Durant l’intense période de contestation contre le régime colonial qui précéda la guerre d’indépendance des États-Unis, un certain Charles Lynch (1736-1796), « patriote » de l’État de Virginie, décida de réformer la façon dont la justice était appliquée dans sa région. Juge de paix, il instaura des procès expéditifs, menant parfois à des exécutions sommaires à l’encontre des défenseurs de la couronne britannique. Il réunissait la cour, recrutait les jurés et présidait l’exécution. La « loi de Lynch » se répandit dans les territoires de l’Ouest américain et s’y développa jusqu’à l’établissement et la consolidation de l’État de droit. Lynch, surement grâce à son "goût" prononcé pour la justice, devint par la suite sénateur. Vers 1837, la « loi de Lynch » donna naissance au mot « lynchage » particulièrement en Nouvelle-Angleterre où, en dépit des lois qui les protégeaient, des africains-américains furent poursuivis par des Comités de vigilance, qui donneront naissance au Ku Klux Klan. Dans le Sud des États-Unis, le mépris de règles de procédure considérées comme favorables aux criminels est renforcé par l’hostilité au gouvernement fédéral. Après la guerre civile, les méthodes expéditives et les erreurs judiciaires liées au lynchage furent couvertes par la Cour suprême dans un esprit de "réconciliation" entre l’État fédéral et les États du Sud. [3]

Les victimes, très majoritairement africaines-américaines sont victimes d’un racisme institutionnalisé dans le sud des États-Unis. Après la guerre de Sécession, la défiance contre le gouvernement fédéral entraine dans les états du sud étasunien [4] une volonté de revanche, qui, à défaut de pouvoir se canaliser contre le gouvernement fédéral, se banalise contre les africains-américains, certes libérés de l’esclavage, mais toujours victimes de la misère, de l’exploitation et du racisme systémique. Ainsi sur environ 200 lynchages répertoriés [5] aux U.S.A., et donc très largement sous-évalués, seulement 16 "lynchés" sont considérés comme "white", deux de confession juive "jews" et 17 d’origine italienne (on peut noter que les "italiens", ne sont pas "white", racisme et xénophobie se confondant souvent dans les catégorisations nord-américaines), la très grande majorité des victimes de lynchage étant africains-américains.

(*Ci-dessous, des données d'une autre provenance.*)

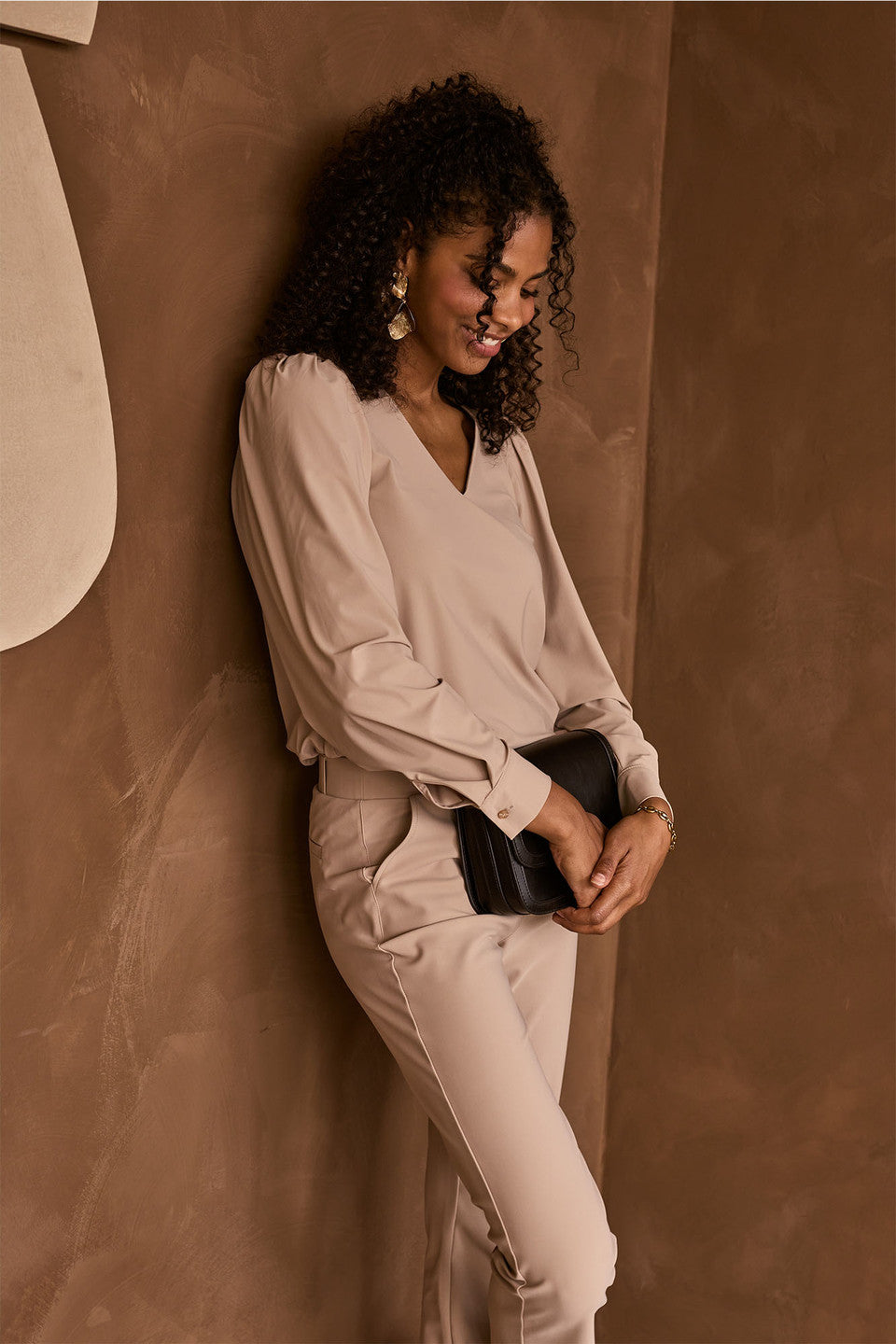 Maak kennis met de Les top Beige / Ecru van Studio Anneloes. Deze stijlvolle top is ideaal voor elke gelegenheid dankzij zijn elegante V-hals en lange mouwen. De beige tint voegt een tijdloze touch toe, perfect voor een dag op kantoor of een ontspannen weekend. Gemaakt van hoogwaardige, kreukvrije travelstof, biedt het item optimaal comfort en draaggemak.

Mais ce répertoire n’est que celui des lynchés médiatisés, où sont déjà surreprésentés les lynchés "blancs". Paula Giddings, historienne féministe noire, fait remarquer que : « le lynchage de 20 hommes noirs en 1930 était loin des chiffres atteints au début du siècle ou dans les années suivant la Première Guerre Mondiale. » [6]. De plus, selon certains travaux de recherche, uniquement dans les quatre années suivant l’écroulement de la Bourse en 1929, pas moins de 150 africains-américains furent lynchés.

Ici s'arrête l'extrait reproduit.